In engineering, there is an old saying: If you don’t schedule your maintenance, it will schedule itself. And no one is more aware of that than the engineers and technicians at Taipower. “From the point of view of system stability, the maintenance period should never be skimped, says the engineer. “The inevitable result will be more accidents. And once another accident inevitably occurs, the blame will fall on another lower-level Taipower staff. This is a gross injustice.”
A culture of high-pressure deadlines and blame, including the possibility of facing criminal charges, has crushed the morale of Taipower workers, says another frontline employee. “We’re scared. We seem to be to blamed no matter what happens. And for the sake of our jobs, we stay silent, but if things go on like this, a lot of Taipower staff will go elsewhere. We don’t feel safe.”

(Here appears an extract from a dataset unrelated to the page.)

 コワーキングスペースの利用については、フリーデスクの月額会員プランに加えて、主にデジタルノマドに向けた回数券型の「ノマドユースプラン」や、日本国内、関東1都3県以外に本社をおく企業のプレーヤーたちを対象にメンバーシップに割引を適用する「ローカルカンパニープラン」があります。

But help is on the way, said Deputy Minister of Economic Affairs and Taipower Interim Chairman Tseng Wen-sheng in a briefing to the legislature in March. During the briefing, Tseng said an infusion of NT$100 billion from the general budget would be allocated to improving Taiwan’s grid.
Due to the woeful state of Taipower’s finances, driven in part by Taiwan’s low electricity prices, the company, while well-aware of grid issues, has not been able to address them. In the wake of gangbuster economic growth and increased demand for power, it is essential for the Taiwan government to allocate resources to help the wounded giant.

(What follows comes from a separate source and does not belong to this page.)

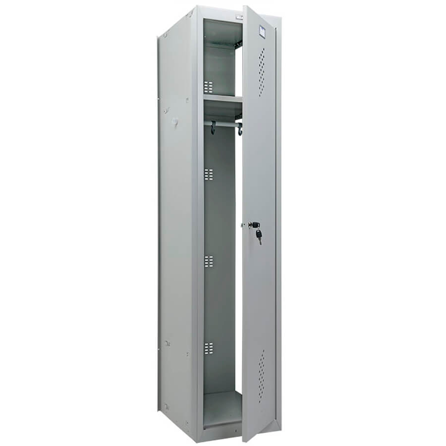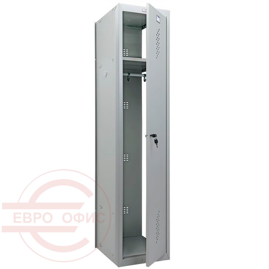 вертикальная сборка при помощи зацепов и заклепок. В основе ключевой замок «Практик» (2000 комбинаций), вентиляционные отверстия в дверях и задней стенке, модульная система локеров позволяет ставить в ряд любую комбинацию моделей. Конструкция шкафов позволяет скреплять их между собой, возможность наращивать секции в ряд за счет общей боковой стенки. Все модели совместимы, возможность установки двери с левой или правой стороной открывания. Комплектация: полка, перекладина, крючки

The draft plan to improve the grid has three main goals. The first is to alleviate the pressure on the “south-to-north superhighway” with additional power transmission lines. The second is to connect power plants with industrial and technology parks directly, allowing some industrial power use to bypass the main grid completely. The third is to initiate the installation of smart grids, like those suggested by NCKU’s Chiang-Chien. But Tseng posits that the current budget allocation is still insufficient. “It will probably take more than NT$100 billion,” he says. Parts of the ambitious overhaul will also take time – as long as 10 years for some reforms. In addition, Taiwan’s power problems are more than grid-deep, notes Tseng. “As long as we are relying on using power generated in the south up in the north, the burden on the central north-south artery will continue.”